If any is not `connected`, run the post-vault TLS restart sweep (appendix-A;
restart ovn-controller / ovs-vswitchd / neutron-server on affected units),
then re-probe. [REVALIDATE: sweep unit list against current topology]

### Stage 5 -- guests
With D-043 in force, pre-shutdown-running guests should be ACTIVE.
```bash
openstack server list --all-projects -c Name -c Status </dev/null
```
Unexpectedly SHUTOFF guests: `openstack server start <name>`; if MANY are
down, verify `juju config nova-compute resume-guests-state-on-host-boot`
(a regressed flag takes effect only on the NEXT boot -- start manually now).

### Stage 6 -- Octavia LBs
Expect auto-recovery once amphora VMs resume.
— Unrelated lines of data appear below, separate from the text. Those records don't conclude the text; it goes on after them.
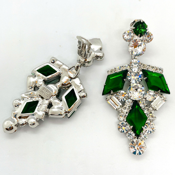 Bold and Dramatic Jet, Clear and “Flawed” Emerald Vintage Austrian Crystal Pendant Drop Earrings featuring Large Austrian “Flawed” Emerald Cushion Cut Stones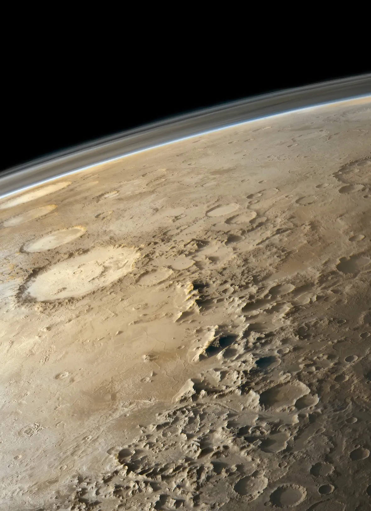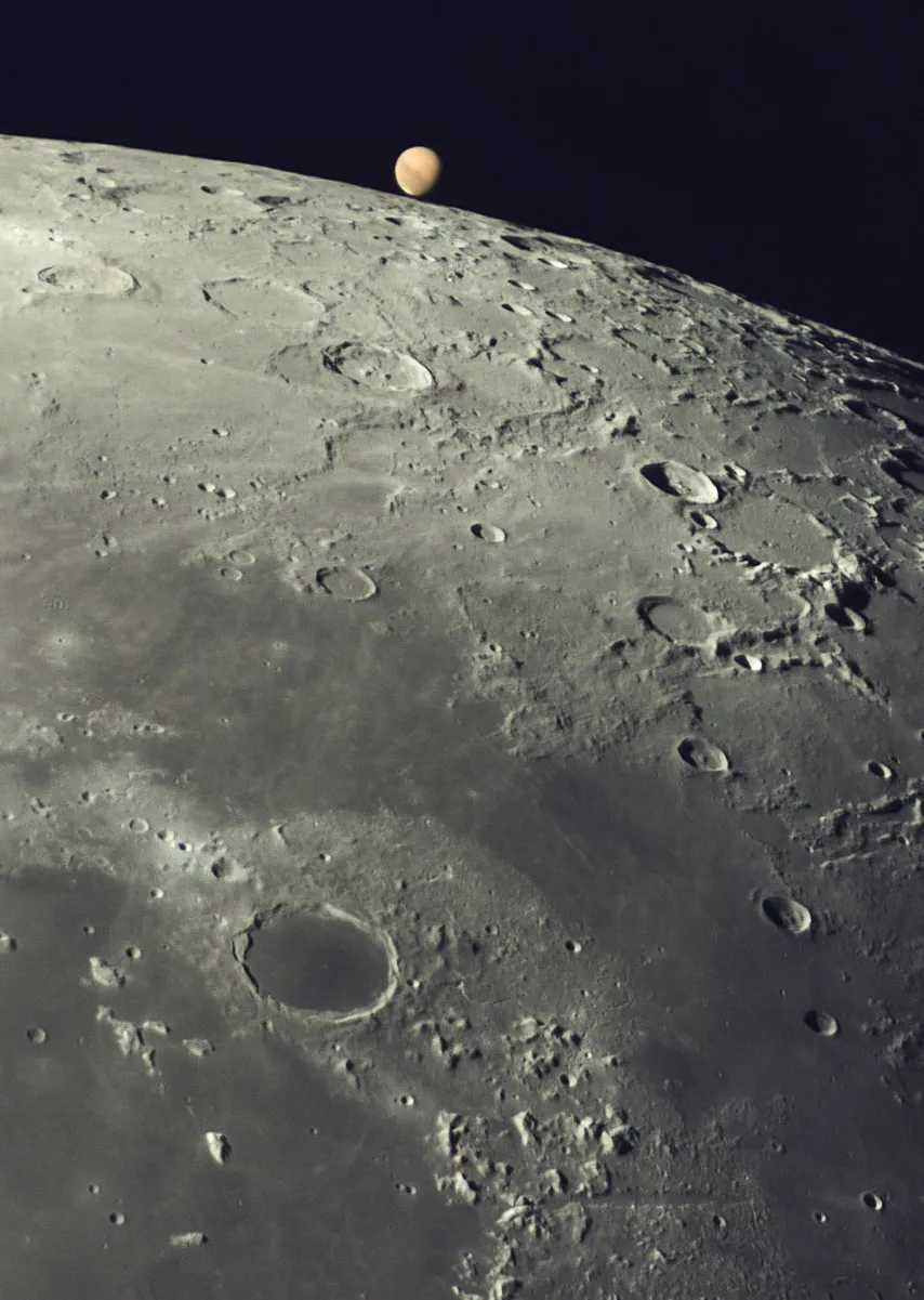 Луна при движении по небу перекрывает расположенную в нескольких сотнях миллионов километров планету Марс. Пойман момент, когда два небесных тела соприкасаются друг с другом.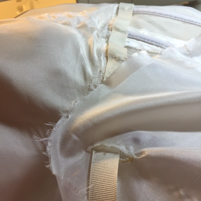 Next up on my list of hand sewing is something called a waist stay. It's a grosgrain ribbon (that will not stretch) that you stitch to the boning of the bodice at waist level. It acts like an internal belt for a strapless dress so that no indecent moments happen at your big event. No one wants to see that. No one. Okay, maybe Craig.
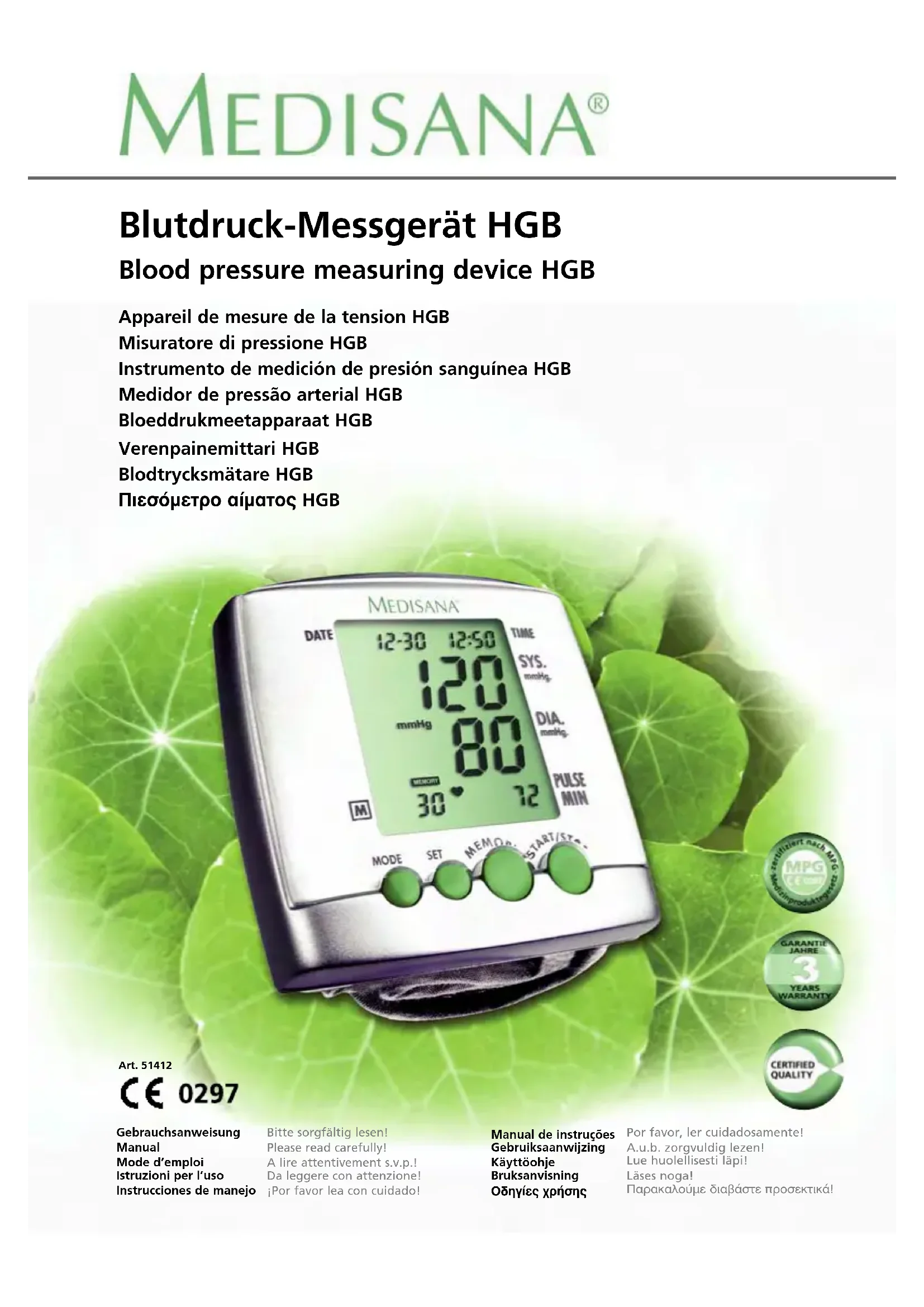 HGB - Tensiomètre MEDISANA - Notice d'utilisation et mode d'emploi gratuit

Any LB stuck
`provisioning_status=ERROR` after ~5 min: `openstack loadbalancer failover
<lb>` and poll to ACTIVE (VIP + FIP are preserved). [REVALIDATE: timing
budget on current build]

### Stage 7 -- end-to-end behavioral gate
```bash
source ~/admin-openrc
bash scripts/cloud-assert.sh
```
**GATE:** `CLOUD-ASSERT: PASS`. Any FAIL routes to appendix-A by its message.
This replaces the old jumphost-local `post-maintenance-health-check.sh`.

---

## Quick reference (symptom -> fix)

| Symptom | Fix |
|---|---|
| Units in `error` (stuck relation-broken hook) | `juju resolved --no-retry <unit>` |
| MySQL will not reform | Stage 2 -- action ONLY on confirmed complete outage |
| Vault sealed | Expected; Stage 3 manual unseal |
| Chassis `not connected` | Stage 4 TLS sweep |
| Hypervisor `down`, juju green | restart nova-compute on the host; recheck in 60s |
| LB `provisioning_status=ERROR` | `loadbalancer failover`; appendix-A LB entries |
| Horizon login cookie failure | restore `_99_internal_http_cookies.py` (D-044) |

## Open question (carried for Roosevelt)
Amphora cert validity across long outages: a resumed amphora keeps pre-shutdown
cert material; if the amphora-control-plane CA rotated during the window it
will fail to health-manager and be failed-over. Theoretical under default TTLs
for short outages; validate explicitly on bare metal (rotate CA, hard-stop an
amphora host, observe resume vs ERROR->failover) before relying on resume.